34 Qui donc condamnera? Le Christ Jésus, celui qui est mort, que dis-je? ressuscité, qui est à la droite de Dieu, qui intercède pour nous? |
35 Qui nous séparera de l'amour du Christ? la tribulation, l'angoisse, la persécution, la faim, la nudité, les périls, le glaive? |
36 selon le mot de l'Écriture: À cause de toi, l'on nous met à mort tout le long du jour; nous avons passé pour des brebis d'abattoir. |
37 Mais en tout cela nous sommes les grands vainqueurs par celui qui nous a aimés. |
38 Oui, j'en ai l'assurance, ni mort ni vie, ni anges ni principautés, ni présent ni avenir, ni puissances, |
39 ni hauteur ni profondeur, ni aucune autre créature ne pourra nous séparer de l'amour de Dieu manifesté dans le Christ Jésus notre Seigneur. |
Poursuivant le thème du Royaume et de l’unité spirituelle de l’homme, Paul attire l’attention sur le fait que le Royaume, bien qu’il soit déjà entré dans le monde, ne s’y est pas encore révélé jusqu’au bout. C’est pourquoi les fidèles ne connaissent pas encore le Royaume dans toute sa plénitude, qu’il ne leur reste pour l’instant qu’à espérer (v. 24-25). Il semblerait qu’ils puissent être tranquilles en ce qui concerne les promesses qui leur ont été données par le Sauveur. Selon les représentations généralement admises à cette époque parmi les rabbins savants, le peuple de Dieu (comme le Messie Lui-même) avait été conçu par Dieu avant même la création du monde. Paul applique cette représentation à l’Église, voyant en elle le nouveau peuple de Dieu, et il considère tous ceux qui lui appartiennent comme ceux qui, par la miséricorde de Dieu, se sont trouvés inclus dans ce dessein qui leur garantit l’obtention de la plénitude du Royaume (v. 28-30).

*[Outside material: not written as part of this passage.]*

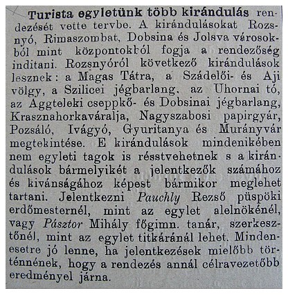 Najstarším pestovaným športom v Rožňave bola turistika, ale jej vyznávači nemali dlho jednotné organizačné vedenie. V roku 1873 vzniká Uhorský karpatský spolok (Magyarországi Kárpát-egyesület - MKE), ktorý sa zameriaval predovšetkým na organizovanie turistiky na Spiši (Kežmarok, Spišská Nová Ves, Poprad, Levoča a ďalšie) a vytváral predpoklady pre pestovanie turistiky vo Vysokých Tatrách. Impulzom na založenie tohto spolku je článok Dr. Mateja Slávika z Dobšinej, uverejnený v rožňavských novinách Sajó-Vidék a Rozsnyó Híradó v apríli 1909. Prípravný výbor spolku mal začať svoju činnosť 9. mája 1909, ale sa presunul na rok 1910, nakoľko vznikli rozpory členov o tom, či vstúpiť do dobre prosperujúceho Karpatského turistického spolku alebo do Maďarského turistického spolku. Rozhodlo sa pre Karpatský turistický spolok, pretože aj bez založenia svojej odbočky v Rožňave urobil veľmi veľa v prospech popularizácie a v prospech turistiky v meste a okolí. V jednej vtedajšej pozvánke sa píše: „Turistický zväz dal do plánov viac výletov. Vedenie v Rožňave, Rimavskej Sobote, Dobšinej a v Jelšave spustí tento plán. Turistické plány z RV sú: Vysoké Tatry, Zádiel, Silická ľadová jaskyňa, jazero na Uhornej, Jaskyňa v Agteleku, Dobšinská ľadová jaskyňa, Volovec, Turecká a Muránsky hrad. Tohto výletu sa môžu zúčastniť nielen členovia, ale aj ostatní. Podľa prianí a počtu ľudí sa to môže hocikedy uskutočniť. Prihlasovať sa môžete u horára Pauchly Rezso, alebo u učiteľa gymnázia Pásztora Mihályho, alebo u sekretárky. Bolo by dobré, keby ste sa čím skôr prihlásili, aby to bolo čím skôr uskutočnené.“

S’il en est ainsi, alors tous ceux que Dieu, par Jésus Christ, a conduits dans l’Église peuvent réellement être tranquilles : ils sont entrés au nombre de ceux dont le chemin a été déterminé par Dieu dès le commencement des temps. Mais, d’autre part, tant que le Royaume ne s’est pas révélé dans toute sa plénitude, le mal domine encore en partie le monde. L’unité n’existe pas encore ; elle n’existe pas seulement dans la nature humaine, mais dans la création tout entière, de sorte que, jusqu’à la transfiguration complète du monde, non seulement l’homme mais aussi toute la création restante est condamnée à souffrir (v. 18-21). Ce n’est pas par hasard que l’apôtre, parlant du corps, revient à la notion de « rédemption », plus exactement de rachat : de même qu’un esclave ne peut recevoir la liberté que si on le rachète pour le rendre libre, de même le corps doit être « racheté », libéré de cette dépendance servile dans laquelle le péché le tient (v. 22-23).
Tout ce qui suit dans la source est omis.